● **EXERCISE AIM**:
No pictures belong in the copy. Retype exactly, and only, the stretch of lines below from the one with "Envoyez par email" through the one with "Geben Sie die".

● **SOURCE MATERIAL**:
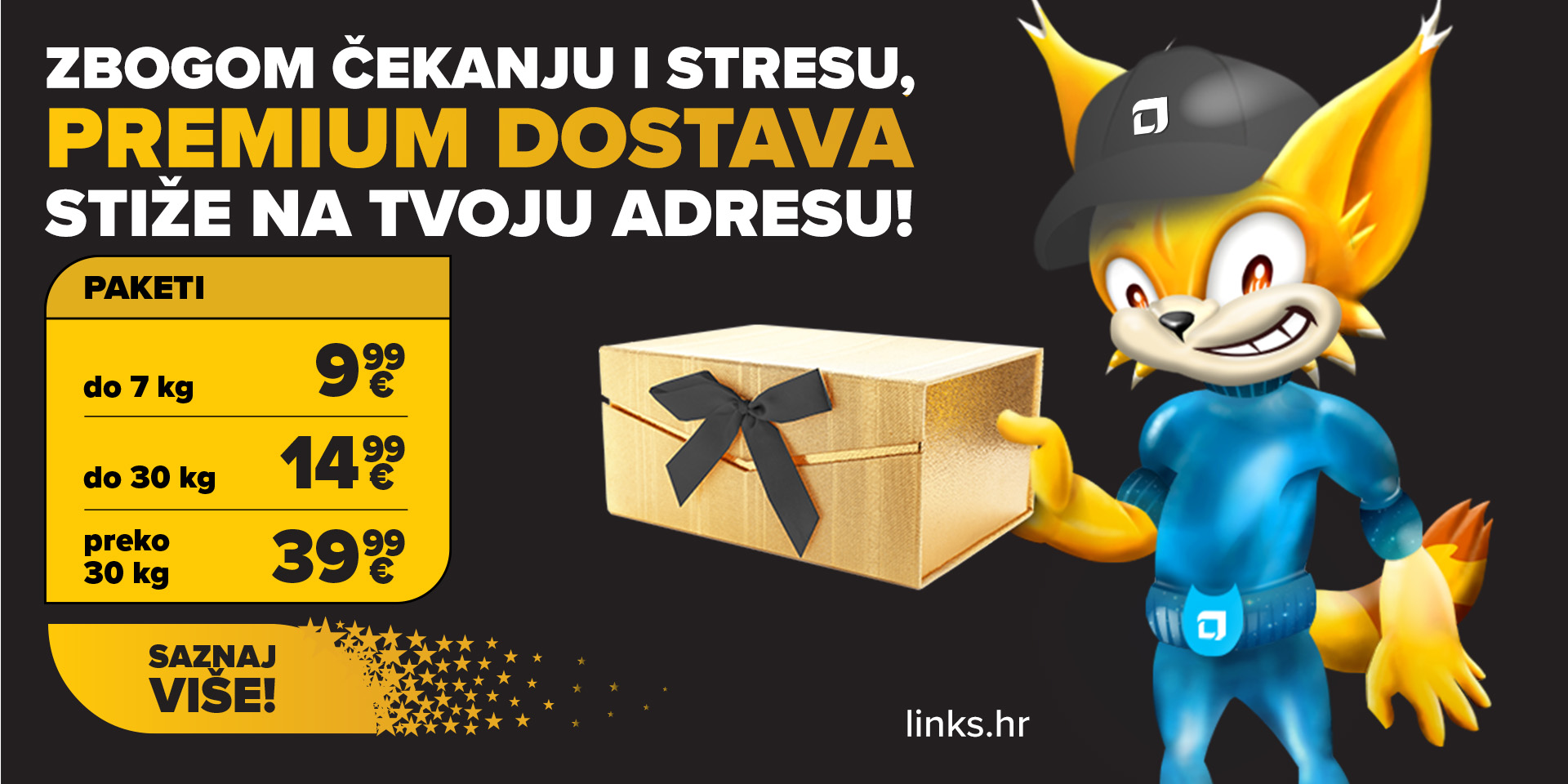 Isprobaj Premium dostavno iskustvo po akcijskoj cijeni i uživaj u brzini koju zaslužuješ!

--

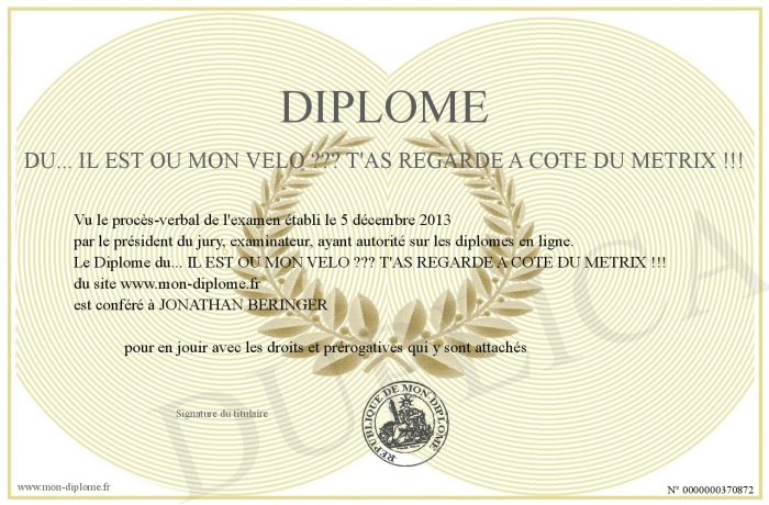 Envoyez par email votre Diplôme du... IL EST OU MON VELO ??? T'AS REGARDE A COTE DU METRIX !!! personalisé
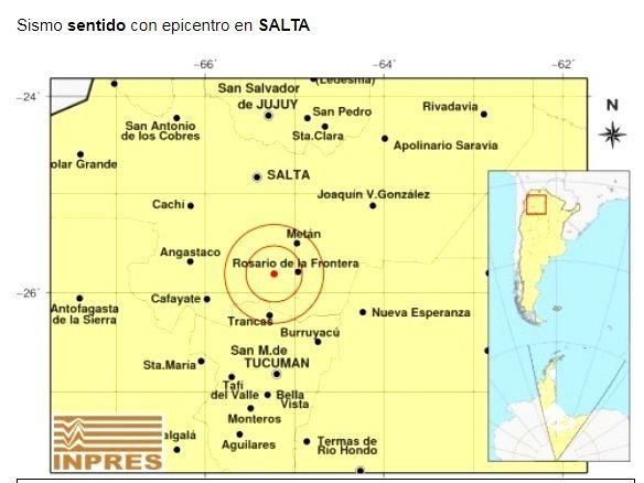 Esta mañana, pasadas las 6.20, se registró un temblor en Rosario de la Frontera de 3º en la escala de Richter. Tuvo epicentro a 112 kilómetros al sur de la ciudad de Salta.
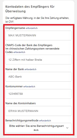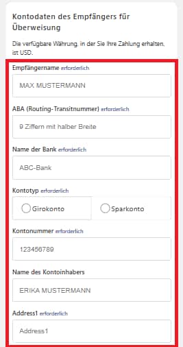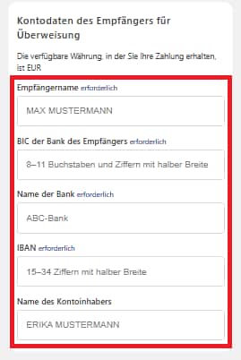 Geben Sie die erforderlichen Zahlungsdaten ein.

● **RESULT FOR THIS EXERCISE**:
 Envoyez par email votre Diplôme du... IL EST OU MON VELO ??? T'AS REGARDE A COTE DU METRIX !!! personalisé
 Esta mañana, pasadas las 6.20, se registró un temblor en Rosario de la Frontera de 3º en la escala de Richter. Tuvo epicentro a 112 kilómetros al sur de la ciudad de Salta.
 Geben Sie die erforderlichen Zahlungsdaten ein.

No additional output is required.